Norwich draws upon the handful of historical sources from this period, more or less recounts the stories told in these sources, then relies on academic work to fill in the blanks with best-guesses  or conjecture. His real talent is his rich descriptions and sympathetic portrayal of the wide cast of characters one encounters in medevial Byzantium.

There are so many stories to tell about the Byzantines. There is the story of Constantinople, for a thousand years, the greatest metropolis in the world. The story of iconoclasm, the great theological civil war which tore the Empire apart. The story of the long wars with the Arabs, a tale of major, epic campaigns, but also a “wild west” border land of raids and myth. Not to mention the art and architecture. It goes on and on. Fair warning, the Byzantines are my favourite historical entity.

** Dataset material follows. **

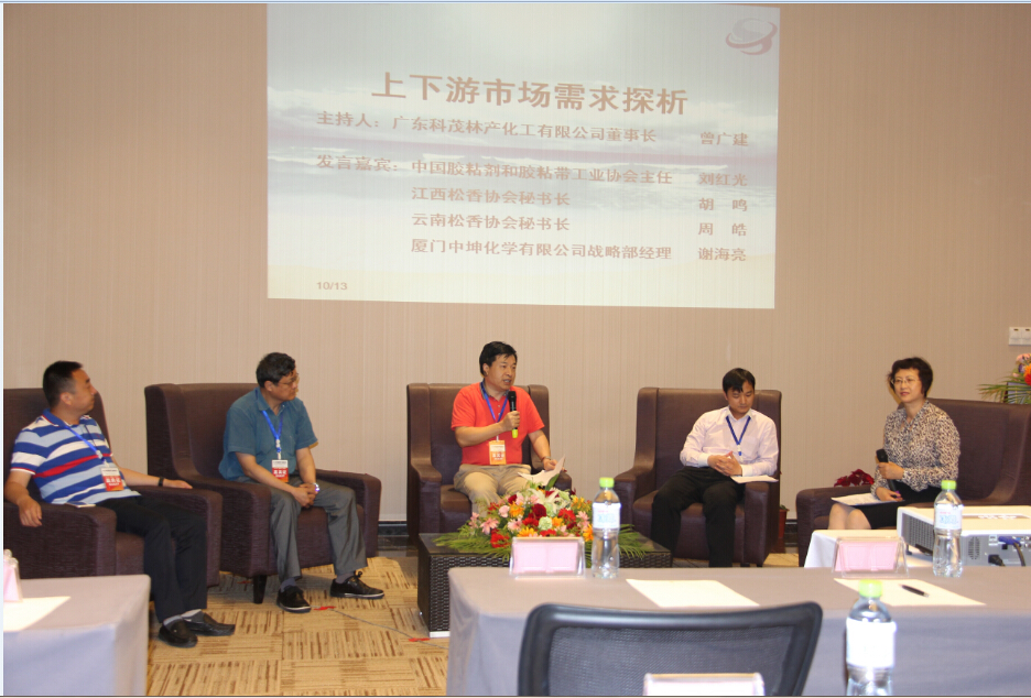 接下來是分論壇二《上下游市場需求探討》,由廣東科茂林產(chǎn)化工有限公司董事長曾廣建主持,中國膠粘劑和膠粘帶工業(yè)協(xié)會主任劉紅光、江西松香協(xié)會秘書長胡鳴、云南松香協(xié)會秘書長周皓、廈門中坤化學(xué)有限公司戰(zhàn)略部經(jīng)理謝海亮擔任發(fā)言嘉賓,他們就2016年上下游市場對松香/松節(jié)油及其深加工產(chǎn)品需求情況去分析、預(yù)判市場,讓參會代表看到了當前行業(yè)市場需求情況。最后主持人總結(jié)說:就市場需求,我們也不要太悲觀,今年松香市場也有利好因素,一是減產(chǎn)的預(yù)期;二是 “一帶一路”項目建設(shè)正在如火如荼進行中;三是國家多項政策擴大內(nèi)外需求、提振經(jīng)濟;四是房地產(chǎn)多項舉措去庫存;這系列有利因素都將能帶動市場需求的。

Reading this book about an Empire that reaches its height and then is led into decline and destruction due in no small part to the incompetence and avarice of its emperors, I was struck by some interesting parallels to our situation today. The Byzantines reach their height because they have a run of about eight good-to-great emperors in a row; almost unheard of. But there was ongoing tension between the powerful landed aristocrats and small land holders who formed the backbone of the Byzantine army; the aristocrats had this way of swallowing the small landholders, turning citizens into effective slaves.

Sound familiar?

I couldn’t resist: sometimes the Emperors where on the sides of the aristocrats, and sometimes not. But part of the decline of the Byzantines is the triumph of the plantation/latifunda system over something a bit more equitable.

An awesome book that is the equal of you R.R. Martin/Tolkien thirst.